Paper Lace (1974) The Black Eyed Boys - LOST 70s GEMS

A revved up pop/glam rocker with big harmonies, Paper Lace carried a sort of mix of the Rubettes and the quirkiness of 10cc, not to mention the way they describe a scene. Of course Billy Don't Be a Hero is the best example it's still interesting to hear a song where a tale is told instead of a video showing it, just ignore the odd scrooge mcduck whistle thing.


Thursday 27 July 2017

Roger McGuinn (1976) Partners in Crime - LOST 70s GEMS

 Cardiff Rose is the best solo material of the Byrds' captain, here collaborating intriguingly with Mick Ronson, there is a strong nautical theme to the album from it's over and title to the sea shanty styled folk ballads McGuinn had become accustomed to; while it's not the Sailing Christopher Cross type of Yacht Rock it's more a diluted country rock. Partners in Crime is one of the best with a lilting fuzz guitar section interrupted by a rock n roll piano part melody in the middle.

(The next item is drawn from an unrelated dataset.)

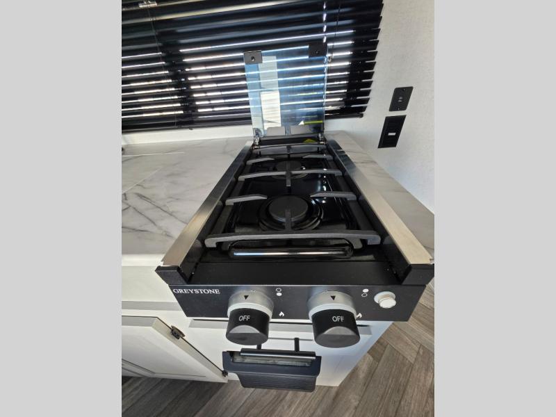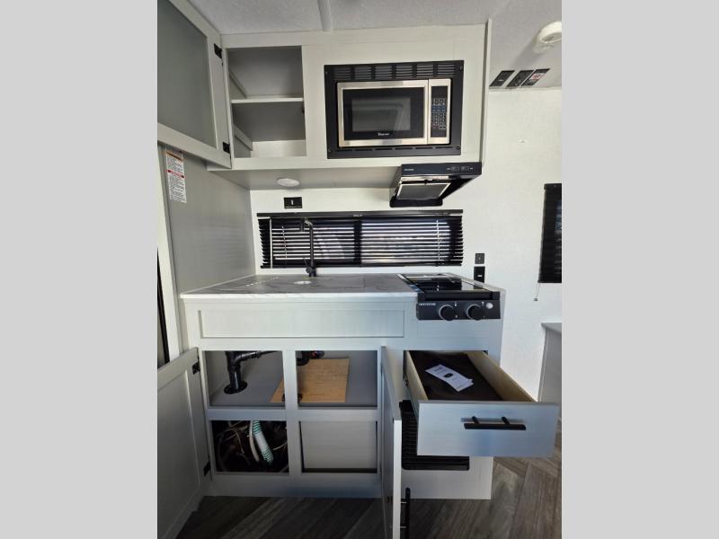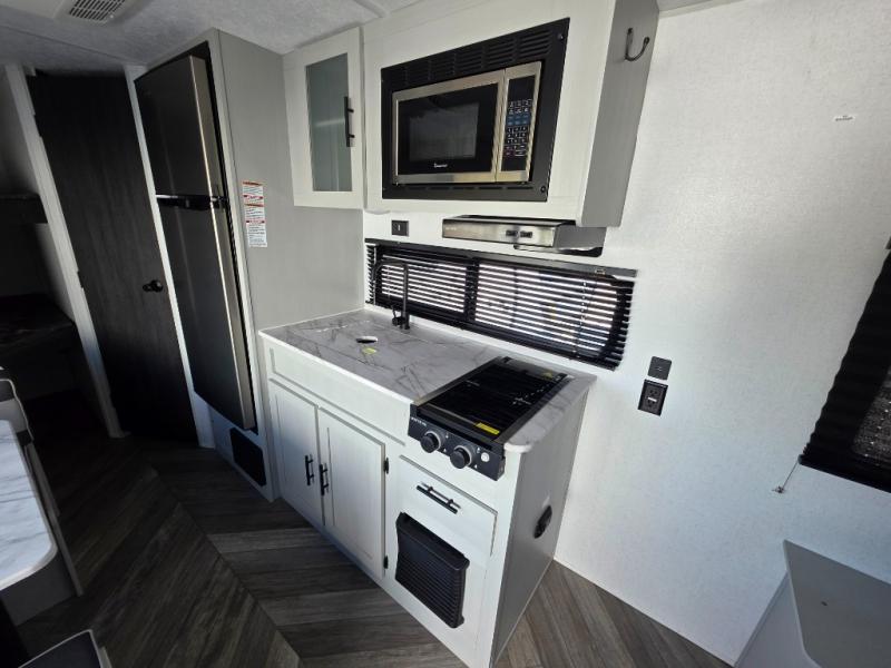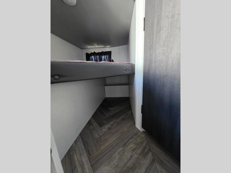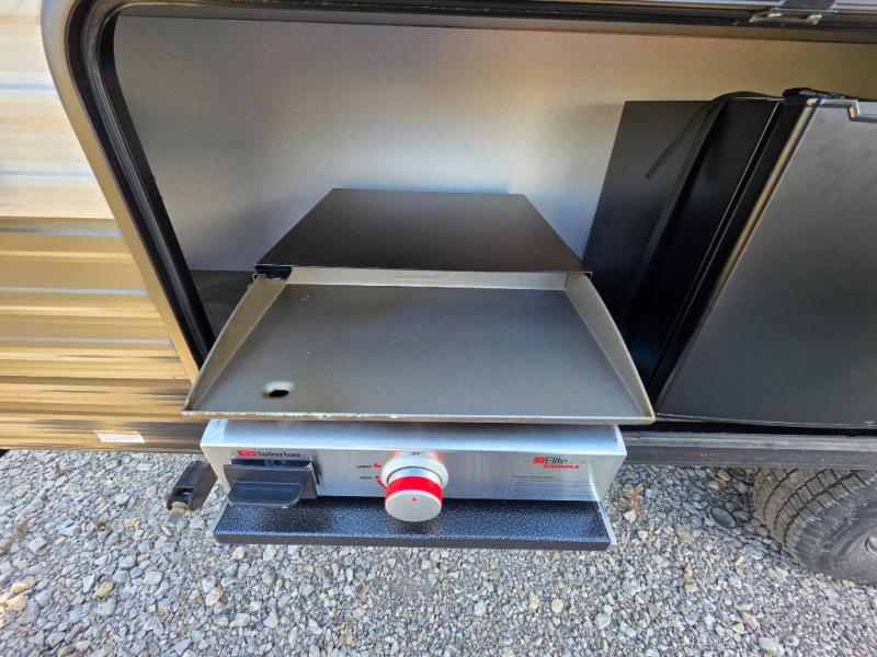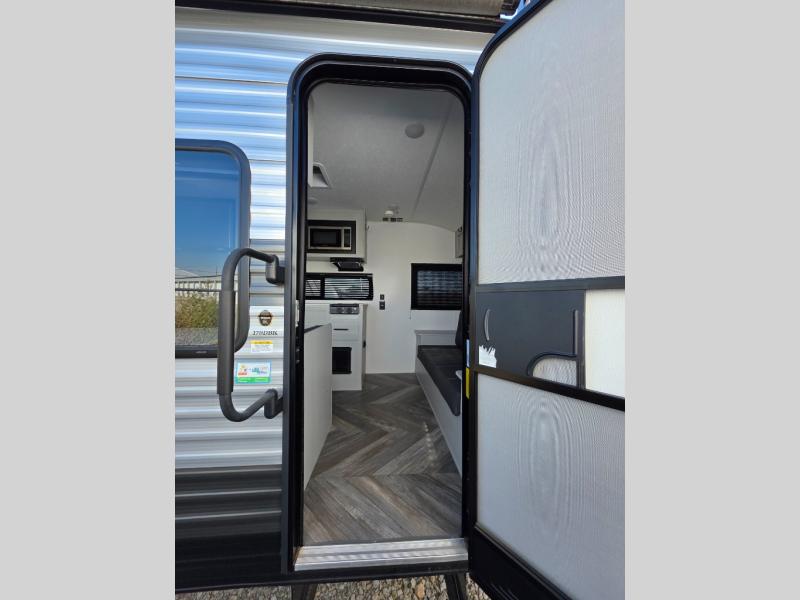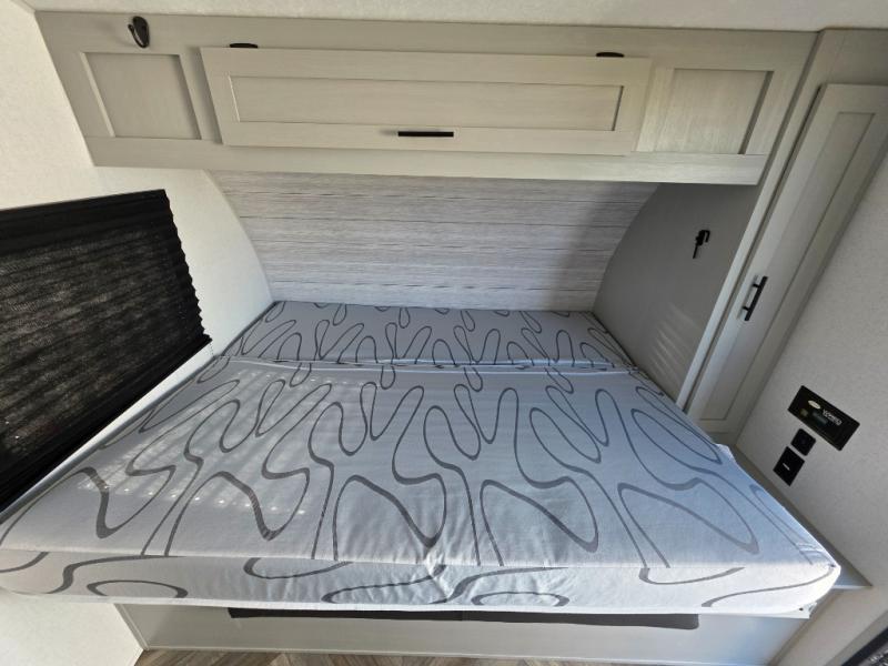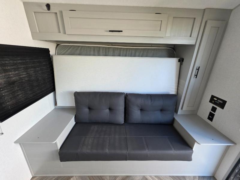 No need will go unmet with this travel trailer! It features a front Murphy bed that has a 60" x 74" queen bed to sleep on and a sofa with storage access to sit on during the day. The corner set of 48" x 72" double bunk beds come with storage to keep things out of the way and are conveniently next to the rear corner bathroom which has a 36" x 24" shower to freshen up in each morning. You can prepare your best home cooked meals indoors with the two burner cooktop or head to the optional outside LP griddle to fry up some burgers while breathing in some fresh air. Enjoy your meals, play card games, and even sleep at the booth dinette. You will also appreciate the outside shower and the front exterior full pass-through storage area for all your outdoor gear.

Ronson's production contributions are minimal but maybe that's best though I feel, this pairing doesn't really have much chemistry, particularly on a song like Rock n Roll Time where Ronson's riffing is fabulous but too meat and potatoes for McGuinn who couldn't quite growl, he was always best at folk, pop and country rather than heavier fare unlike say Elton John who could balance those elements better; incidentally the solo on Rock n Roll Time is excellent. Jolly Roger, a nice colourful pirate tune complete with flute and some Jangly chords combine to create a nice folk tune but not enough to recapture the early Byrds magic or the haunted tunefulness of the latter lineups; McGuinn had found his niche early on and worked best in a band format rather than all alone, which is a shame that with a confident lead guitarist like Ronson more could have come from this effort. Maybe it should have gone for a more stronger pop sound, instead of being too firmly steeped in roots rock and yacht rock. Interestingly McGuinn never really rediscovered the Byrd's mix of roots and rock through a streamlined pop harmony vocal sound, which never fell too deeply into any genre always maintaining an edgy commercial stance too sorely missed here in his later work aside from maybe McGuinn Clark and Hillman and his successful Back From Rio album.


Sunday 23 July 2017

Dan Fogelberg (1977) Dancing Shoes - LOST 70s GEMS

Another dark atmospheric folk rock tune from one of the best singer songwriters. His ghostly falsetto and contemplative style perfect for the epic arrangements and mediations on love. Not sure what the song is about but the delivery is entrancing and works well with twinned with Scarecrow's Dream or Sketches from the same album but also remains romantic. The towering Netherlands album was his pinnacle, with the exception of Sketches, its full of tight pop rock infused, folk ballads structured around haunted love and tortured souls even hinting at the supernatural.




Tuesday 18 July 2017

The Commodores (1974) The Zoo (Human Zoo) - LOST 70s GEMS

Starting with a demonic circus organ part reminiscent of the use of circus music in Sly and the Family Stone's many treatises on humanity and society. It uses the circus and zoo imagery as an interesting point of analysis, also used by The Stylistics and Chi Lites, as the Kennedy/ Johnson vision of a 'Big Society' was coming true in Urban America of the early 70s amid a worsening economiclandscape. Twangy guitars meow away in a dissonant manner as does a trumpet; an absurd addition contributing to the deranged circus, inmates-in-charge-of-the-asylum vibe is established. The funky rhythm guitars are metallic and bouncy and the group vocals are great on lines like 'I don't want to get down to that level!'. There is a definite Sly influence, like Assembly Line another track from this incredible debut album from The Commodores; the lyrics are powerful, particularly the line, 'We're treated like animals outside our cages'. Its all delivered slickly as a guitar is plucked endlessly at the end and the tension boiling all over this track. The Commodores wouldn't be known for being this political but it's shame as they displayed some great chops here to continue in the Sly tradition.


Sunday 16 July 2017

David Bowie (1974) Sweet Thing - LOST 70s GEMS

From his last Glam album, Diamond Dogs, released just before his Plastic Soul venture later that year Bowie is a lot more all of over the place and strung out what is meant to be an Orwellian theatrical concept album that miss fires on virtually every track except for the classic Rebel Rebel and Sweet Thing. Starting with reverse echo into a beautifully dystopian distorted guitar riff over a melancholic piano beat. Bowie's singin is up and down, best when the song picks up and he goes didactic.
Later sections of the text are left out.